Now, the connection to the sacraments is pretty clear, but Paul makes it explicit. He’s writing to warn the Corinthians (who are profaning the Eucharist) that just because they’re receiving the Sacraments, it doesn’t mean that they’re saved. He says in 1 Corinthians 10:1-5,

1For I do not want you to be ignorant of the fact, brothers, that our forefathers were all under the cloud and that they all passed through the sea. 2They were all baptized into Moses in the cloud and in the sea. 3They all ate the same spiritual food 4and drank the same spiritual drink; for they drank from the spiritual rock that accompanied them, and that rock was Christ. 5Nevertheless, God was not pleased with most of them; their bodies were scattered over the desert.

So the Rock is Christ, and the Waters of Meribah foreshadow the Eucharist (not Baptism, which is foreshadowed by the parting of the Red Sea). He proceeds to directly address the Eucharist in v. 14-17 of this chapter, as well as v. 17-34 of the next.

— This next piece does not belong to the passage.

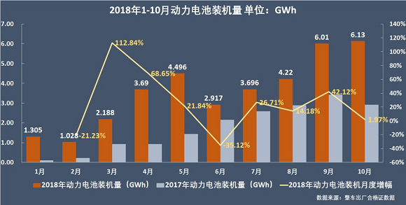 10月份,国内新能源汽车动力电池装机量6.13GWh,较上月微增1.97%,环比增幅从上月的42.12%降至本月的1.97%;同比去年则大幅增长110.58%。

So Moses’ abuse foreshadows the abuse of the sacraments (generally) and the Eucharist (specifically).

III. A Few Final Thoughts
Finally, John Armstrong, a former Presbyterian minister, has a pretty interesting point in a similar vein this morning. Writing on Baptism, he says:

This spiritual operation is a sovereign work of God and thus a work of true grace, not of free will or human effort. Luther, for example, argued that this in itself was a strong argument for infant baptism, namely that the child could do nothing but receive what was given to them by their parents and the church.

While John is addressing Baptism specifically, Catholics apply that logic to all seven sacraments.

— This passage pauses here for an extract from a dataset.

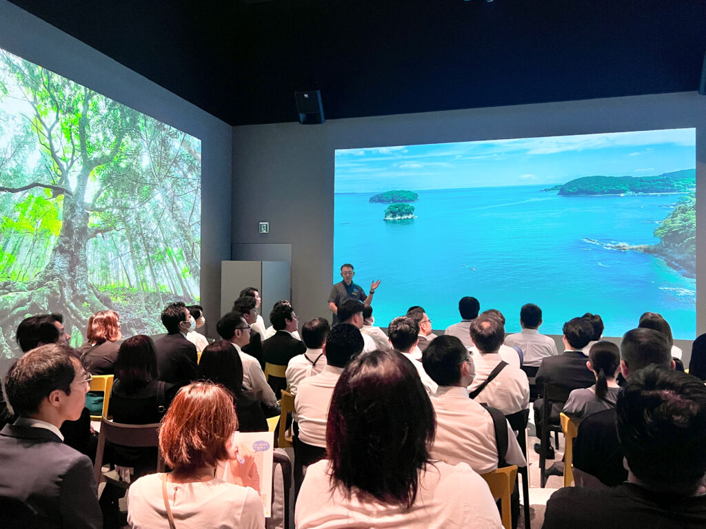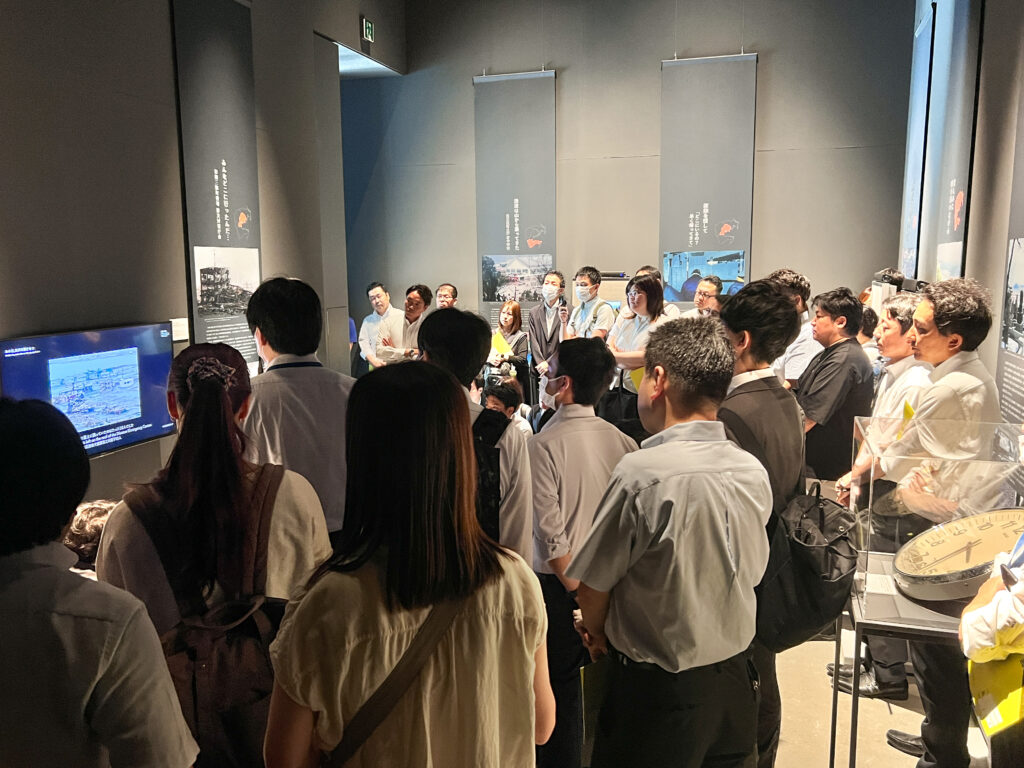 2024.07.15 来館レポート 【団体レポート】スズケングループ労働組合連合会の皆さまが企業研修で来館されました 2024年7月14日に、スズケングループ労働組合連合会の皆さまが、南三陸311メモリアルに来館されました。 今回、連合会としての総会に合わせて南三陸町で研修をされるとのことで、メモリアルの展示見学とラーニングプログラム、震災当時高校生だった方の語り部を聞くプログラムを受講されました。 館内入ってすぐのエントランスには、震災に関する数字やデータをまとめたパネル・立体地図があります。スタッフより、自分達が今立っている場所は震災後に10.8m嵩上げした土地であること、そしてこの施設の天井とほぼ同じくらいの地点に津波が到達したことをお伝えしました。また、旧防災対策庁舎を襲った津波の高さ15.5mのラインが壁に示されており、首を大きく傾けて見上げながら「想定外」の事実を目の当たりにしました。 その後、東日本大震災のエピソードをまとめた展示や証言映像、資料などが並ぶ展示ギャラリーへ進みます。旧防災対策庁舎の屋上で生存した方々の証言映像では、全員が食い入るように視聴していました。 ラーニングプログラムでご覧いただいたのは、「そのとき命が守れるか」というレギュラープログラムです。 震災時に、町内の指定避難所・避難場所の多くが津波に襲われたという南三陸町の事例から、自然災害発生時には想定をはるかに超えた事態に直面する可能性があるということを学びます。 震災当時中学生・高校生だった証言者たちが、あの日津波に襲われた避難所でどのような避難や対応をしたのか。そして消防士として人命救助にあたる職務についていた方々が、震災を経て「自分の命を守る」ということの意味をどのように捉え直したのか。 プログラム中には教訓から得られた問いかけと、参加者同士での対話の時間が設けられています。それらを通じて、新たな気づきや考えを手にすることができるのが、ラーニングプログラムの特長です。 最後に、参加された方々の感想をご紹介します。 福島から参加された方は、「こんなに自分で考えさせられるプログラムは初めてでした」と、多くの気づきがあったとのことでした。 「普段薬局などに関わることも多く、店舗にいる際にスタッフを先に避難させることもあります。その際に、自分自身の避難行動も考えておかなければいけないんだと気づかされました。」 名古屋から参加された方は、「被災された方々の映像は、正直心苦しいものがありました」とのことで、自分の命を守るということを深く考える時間になったとのことです。 「医療や福祉などの分野で働くエッセンシャルワーカーが多い企業。自分の命を守ることで、薬を必要とする人に届けられたり、介護福祉を必要とする人をサポートできたり、そうやって医療を必要とする方々の命を守ることにつながるんだと思いました。」 スズケングループ様は、医薬品卸売事業や介護福祉事業、ヘルスケア製品開発など、広く医療分野に関わる事業を展開する企業様ということもあり、「人を助ける」ということを強く意識する仕事が多いとのことです。そういった企業活動の中に、南三陸町をはじめ、東日本大震災被災地の教訓を生かしていただけたら幸いです。 ご来館いただき、誠にありがとうございました。

All of this was answered very clearly early on. St. Augustine’s writings on the ex opere operato nature of the sacraments (in opposition to the Donatist heretics, who said that sacraments were invalid if the priest was a traditore, that is, someone who had denied Christ for fear of torture) are very clear on this point. If you’re interested, check out Book I of St. Augustine’s On Baptism or the whole thing.

1 comment

  1. Bad priests may have the technical ability to consecrate bread and wine at the Eucharist-that’s all very well. But elsewhere there is the notion that the church is the people. I do not think that the collective of the ‘people’ can function as an entity when their priestly head of congregation is a bad person poisoning their well of collective worship. I have been a member of a local church in which the pastor is unequivocally a bad person, and in this knowledge cannot compartmentalise his egregious behaviour, and worse, cannot tolerate the behaviour of the diocese in promoting his ministry. The child abuse scandal is the exemplar of the current mindset.